Marriage, as the saying goes, is not for wimps. But, as this writer explains, there are some tricks to be taught to help us toughen out the tough parts and get back to the joy that brought us together.
1. If neglect or abuse is present in your marriage and you are being hurt – get the hell out.
If your church tells you to stay, get the hell out of your church. Any decent church will promise you that God loves you more than any institution God made for you – including marriage and including church. If you are telling yourself that you are staying for the kids- tell yourself to leave for the kids so you do not teach them that love is pain. If you have no one to help you get out of an abusive, neglectful, hurtful marriage – start here.
2. If you are not hurt or neglected, but you’ve “fallen out of love” and so you are disillusioned about marriage – join the club. All the married people in the whole world are in the club.

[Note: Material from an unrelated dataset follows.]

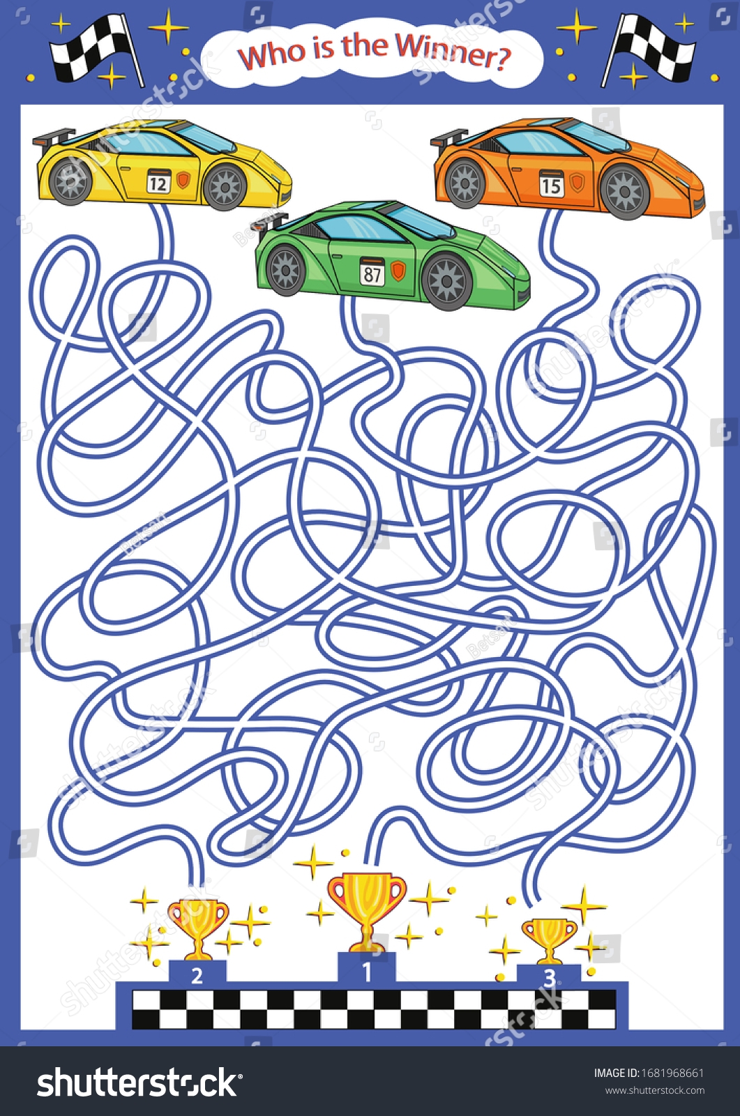 Children Maze Racing Cars Labyrinth Game Stock Vector Royalty

Being disillusioned is good. It means you’ve stopped believing a lie. The lie is that marriage is like it is in the movies and that everyone else is having hot love affairs while you are cleaning up smelly socks and trying to get someone to actually listen to you instead of pretending to listen to you. The truth is that cleaning up socks and trying to get someone to really listen to you IS marriage. It’s less sweep you off your feet and more sweep the kitchen four times a day.
Like everything good in life- it’s 98% backbreaking work and 2% moments that make that work worthwhile. So- just get ready to sweat. Despite what the movies tell you- you’ll sweat less often in bed and more often in therapist’s offices, in front of the clothes dryer, and in line at the grocery store while the children lick used gum off the floor and you silently curse your partner for existing. I’m actually surprised more of us married folk are not constantly dehydrated from all the sweating. Seriously.
3. Happily Ever After IS NOT A THING.
We are all trained by Disney to believe that the wedding is the finish line – but the wedding is JUST ANOTHER STARTING LINE. In light of this fact- we should quit the huge, fancy, debt-inducing weddings. When I asked my parents to help pay for my wedding, they said they’d give me a little bit and then if Craig and I made it to our 10-year anniversary, they’d give us some more to throw a big party. “THAT’s the time to celebrate,” they said. My parents were right.* Celebrate AFTER hard work, not before.